Visiblement, l'oiseau vivant, et donc en mesure de parler, entraîne une élévation certaine (vers le cosmos). Le Tarot met ainsi délibérément ce qui se voit dans l'air cosmique (étoiles et Monde) et ce qui vit dans l'air terrestre (oiseaux). Avec ce parallèle, on retrouve l'idée d'un langage qui exprime l'universel (le cosmique) présent dans l'air terrestre (les oiseaux), l'idée d'une alchimie particulière par et dans l'air.

En outre, sur ces deux arcanes ou la créature aérienne manifeste toute sa vivacité, les humains présents sont, et cela pour les deux uniques fois du Tarot, entièrement nus, de la tête aux pieds. Seul le squelette de l'Arcane sans nom pourrait également prétendre à ce particularisme, mais il n'est pas vraiment humain, juste humanoïde, au même titre que les diablotins sur le Diable, qui de surcroît ont la tête couverte. Autrement dit, avec l'Etoile et le Monde, on est bien dans le particularisme quant à l'habillage de l'être.
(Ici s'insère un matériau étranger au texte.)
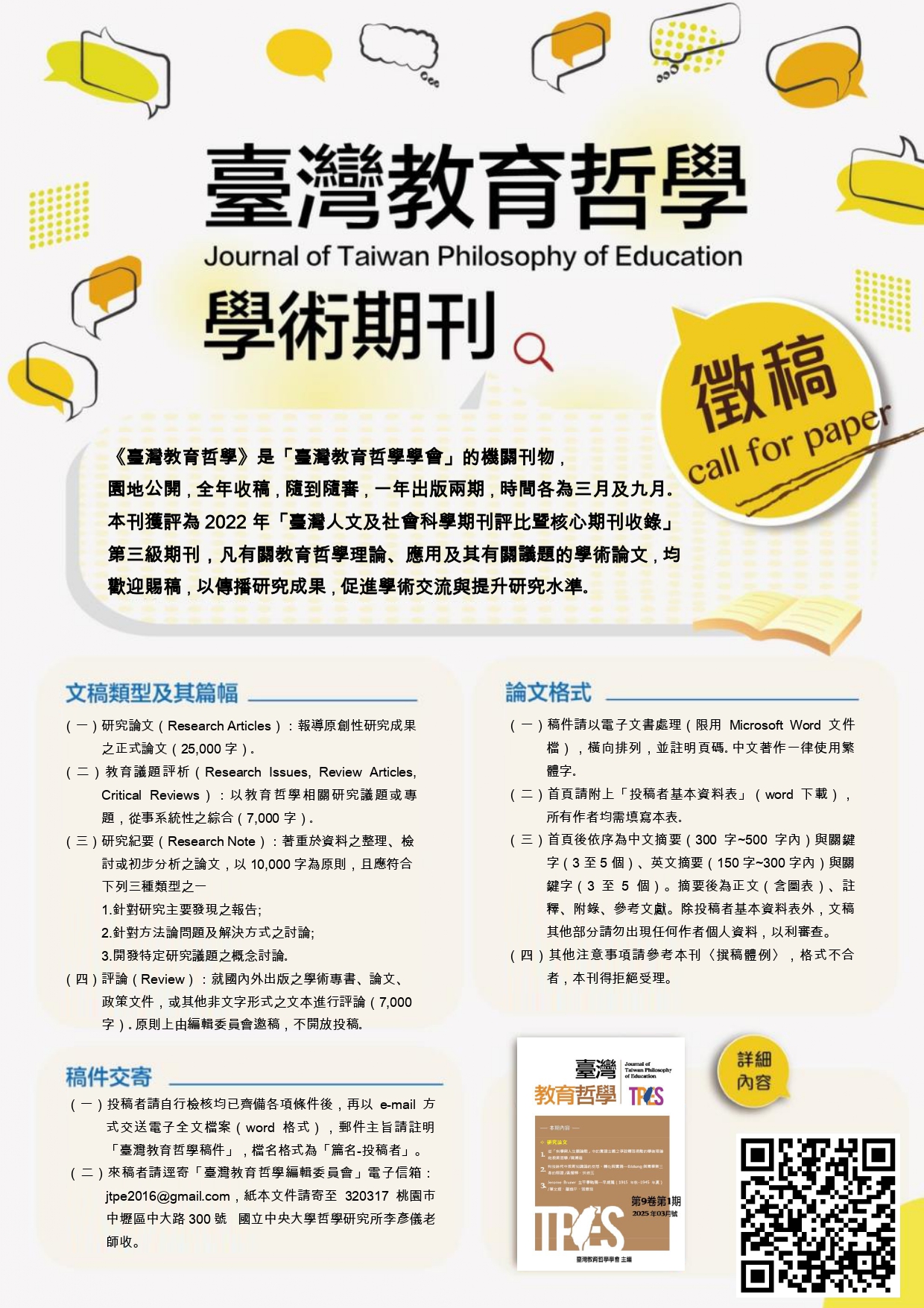 本刊為「臺灣教育哲學學會」機關刊物,園地公開,全年收稿,隨到隨審,一年出版兩期,時間各為三月及九月。凡有關教育哲學理論、應用及其有關議題的學術論文,均歡迎賜稿,以傳播研究成果,促進學術交流與提升研究水準。

Cette nudité complète, seulement réunie par la vie en ailes, veut-elle nous signifier que "l'être est mis à nu" et que "lettre est mise à nue", ou encore que l'être est nu comme la vérité ? Nous retiendrons en tout cas, que nus, ces personnages ont étés découverts. Sans apparats, nous en déduirons également qu'ils insistent à leur manière sur "l'essence de l'être", "les sens de lettres". Quant au double sens propre à la langue des oiseaux, il est largement repris dans la vision de cet être dans le Tarot. Figuré sur un blason, l'oiseau se voit aussi bien tourné vers la droite que vers la gauche, et il en va de même quand il est vivant. L'aigle du Monde conclu même cette vision du double sens en nous proposant deux créatures en une ! En effet, selon que l'on regarde cette oiseau par un bout ou l'autre de son auréole on voit soit un aigle (en fixant le bec) soit un bouquetin (en fixant la huppe de l'autre coté de l'auréole). Cette vision nous démontre deux formes de "l'être" derrière une seule apparence.